Все слегка нервничали и суетились, но в целом настроение было приподнятое: на спектакль возлагались большие надежды.

Иностранные журналисты раскланивались и обменивались рукопожатиями.

– Правосудия ждать не приходится, – мрачно говорил корреспондент американской газеты «Крисчиан Сайенс Монитор». – Советские судьи вполне официально руководствуются теорией классового подхода: если выяснится, что обвиняемый – бывший дворянин или, не дай бог, происходит из семьи священника, то уже никаких доказательств вины не требуется.

Французские корреспонденты тут же ввязались с ним в спор:

– Но это глупо – выносить откровенно несправедливое решение на глазах всего мира! Большевики на это не пойдут.

– Будут расстрелы, – повторял Луиджи, маленький итальянец, похожий на востроносого дрозда. – Власти хотят заставить нерадивых служащих лучше работать. Так решится проблема с повсеместным браком на производстве.

Зайберт никого не слушал и громко возмущался тем, что ОГПУ записало в число вредителей нескольких граждан Германии, которые работали в Шахтах по контракту:

– Когда наш посол доложил об этом в Берлин, дело едва не кончилось разрывом дипломатических отношений. Вся нация возмущена!
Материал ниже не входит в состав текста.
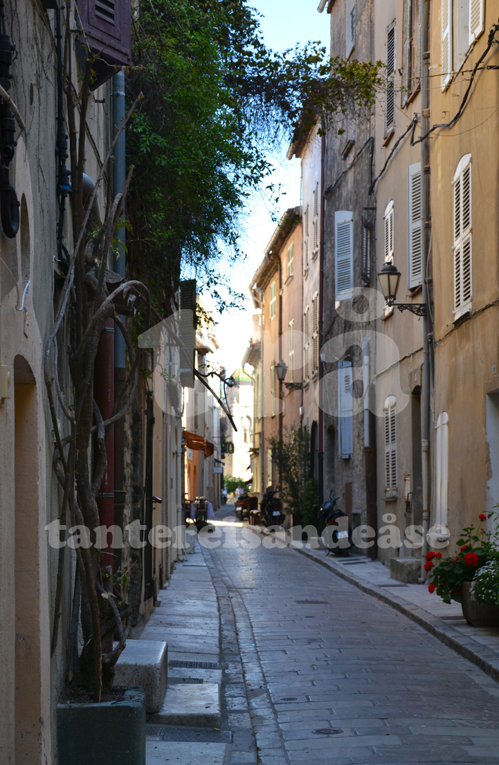 las litt og sov litt, og litt etter litt dukka det opp fleire folk. det vart aldri heilt fullt, men det såg ut som mange lokale tok med familien for å slappe av her på ein søndag. også eit par eldre rosiner frå det tidlegare nevnte hotellet tok turen. eg trur dei hadde ligge der sidan midten av 70talet. me derimot hadde utstyrt oss godt, og kunne grille oss med god samvit og solfaktor 30/50. det skal seiast at solkremen for ansikt (sf 50) fekk augene mine til å renna konstant og eg vart så godt som blind. stygg hud fekk eg også. kjøpt og anbefalt av ein farmasøyt. jaja. me kunne jo ikkje liggje på stranda og late oss heile dagen, så me gjekk inn til byen etter nokre timar (via hotellet for å skrubbe solkrem ut av augene) for å kjøpe crêpes! dette er jo eit must når du er på franske breiddegrader, og crêpes er altså ei pannekake enkelt og greitt. men det er «toppingen» som gjer susen! ein kan velgje mellom søt og salt crêpes, og alle toppingar du kan forestille deg. eg trur likevel den søte varianten med nutella er favoritten til dei fleste. me var ikkje i det søte hjørnet på crêperie bretonne, så valet fall på ost og tomattopping til meg, og ost, egg og pølsetopping til mannen. det smakte fortreffeleg og det var heller ikkje feil med utsikt over havna, skinande sol og kald rosé i glasa. etter at tallerken var tom og karaffelen tømd, var det tid for ettermiddagspromenade ut på moloen. me prøvde å ta inn alt det vakre rundt oss; landskapet med høge fjell og bukter, det klåre havet med bølger og båtar som susa forbi, havna med den blåturkise sjøen som har gitt kysten navnet sitt, og ikkje minst dei sjarmerande husa som ligg der og badar i det blendande vakre sollyset. me hadde vel funne ut kva det var med st. tropez – det var vakkert! og dette skulle me snart forlate.

Чекисты арестовали моих соотечественников только для того, чтобы продемонстрировать, что у саботажников были связи с заграницей. Я не понимаю, о чем думают в Кремле: послезавтра в Германии будут проходить выборы в Рейхстаг, и из-за этого скандала коммунисты лишатся множества голосов.
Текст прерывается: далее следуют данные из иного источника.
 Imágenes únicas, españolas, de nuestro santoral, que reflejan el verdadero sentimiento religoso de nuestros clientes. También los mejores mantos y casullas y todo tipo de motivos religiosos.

– Не притворяйтесь, что вы страшно горюете по этому поводу, – засмеялся Луиджи. – Вы же сделали себе карьеру на этой истории!

Зайберт и вправду превратился у себя на родине в знаменитость. После поражения в Мировой войне национальные чувства в Германии были обострены до предела, и любое сообщения о страданиях немцев вызывало бурю протеста. Зайберту разрешили навещать арестованных соотечественников, и он уже несколько раз ездил в Берлин давать интервью о визитах в большевистскую тюрьму. Его даже пригласили к министру иностранных дел, и после этого Зайберт решил, что в будущем он непременно подастся в политику, – ему очень понравилось заступаться за немецкий народ.
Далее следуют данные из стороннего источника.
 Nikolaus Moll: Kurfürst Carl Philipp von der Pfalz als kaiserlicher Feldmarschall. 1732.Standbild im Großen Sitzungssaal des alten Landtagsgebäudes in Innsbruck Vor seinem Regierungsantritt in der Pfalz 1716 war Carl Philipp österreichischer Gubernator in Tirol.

Наконец впустили зрителей, и зал наполнился гулом возбужденных голосов и громкими выкриками распорядителей – кому куда садиться. Те, кто побогаче, достали полевые и театральные бинокли и – за отсутствием главных действующих лиц – принялись рассматривать иностранцев. Клим чувствовал себя неуютно, будто все поблескивающие стеклышки были направлены именно на него.

Когда ввели подсудимых, над публикой пронесся вздох разочарования. Зайберт аж снял очки и протер их носовым платком – словно не мог поверить своим глазам.